Stateless API, stateful workers
The API tier (main instance and API server replicas) is stateless with respect to job execution. It holds no in-memory execution state. All run state lives in Postgres and Redis. This means:
- Any API server replica can serve any SSE stream for any run at any time
- Restarting the main instance does not interrupt in-flight runs — workers continue executing and publishing events; the SSE stream reconnects automatically
- Multiple API server replicas can be load-balanced without sticky sessions
Workers are stateful during job execution — they hold the in-memory execution context (step history, LLM conversation, shared state) for each active job.
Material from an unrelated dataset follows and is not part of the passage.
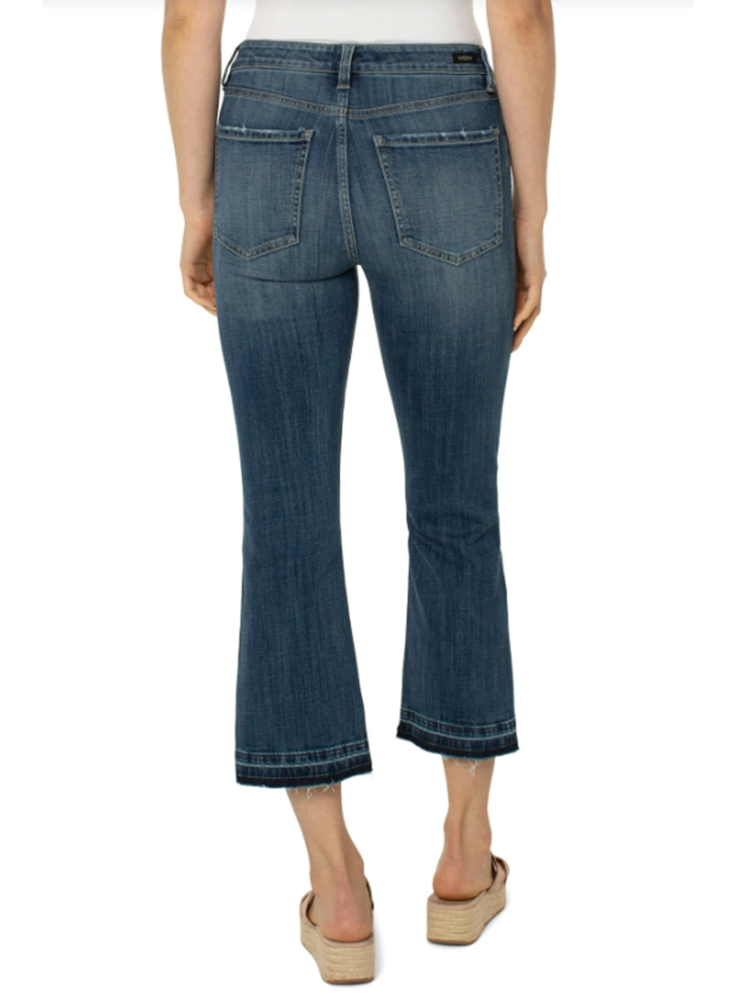 Mid rise flare crop in super soft, lofty denim. Flare leg with raw cut and released hem detailing. Seaming detail along sides adds unique aesthetic.

If a worker process crashes mid-run, the ARQ job entry has not been marked complete, so ARQ automatically requeues it when the next worker starts (subject to WORKER_MAX_RETRIES). After the final retry, the job moves to the dead-letter queue where it can be inspected and retried manually from the UI.
KEDA autoscaling
In Kubernetes, KEDA (Kubernetes Event Driven Autoscaling) watches the Redis ARQ queue depth and scales the worker Deployment automatically — no manual intervention needed.
The infra/k8s/worker-scaledobject.yaml manifest configures:
apiVersion: keda.sh/v1alpha1
kind: ScaledObject
spec:
scaleTargetRef:
name: synapse-worker
minReplicaCount: 1
maxReplicaCount: 100
cooldownPeriod: 60 # seconds before scaling down after queue drains
pollingInterval: 10 # seconds between queue depth checks
triggers:
- type: redis
metadata:
listName: synapse:orchestrations:default
listLength: "5" # add a new worker pod when > 5 jobs are queued per replica
When queue depth exceeds listLength × current_replicas, KEDA adds new worker pods immediately. When the queue drains, it scales back down to minReplicaCount after the cooldownPeriod.
The API tier uses a standard Kubernetes HorizontalPodAutoscaler that scales on CPU utilisation (70% target, 2–20 replicas). The API tier is I/O-bound (waiting on Redis and Postgres), so CPU-based scaling works correctly for it.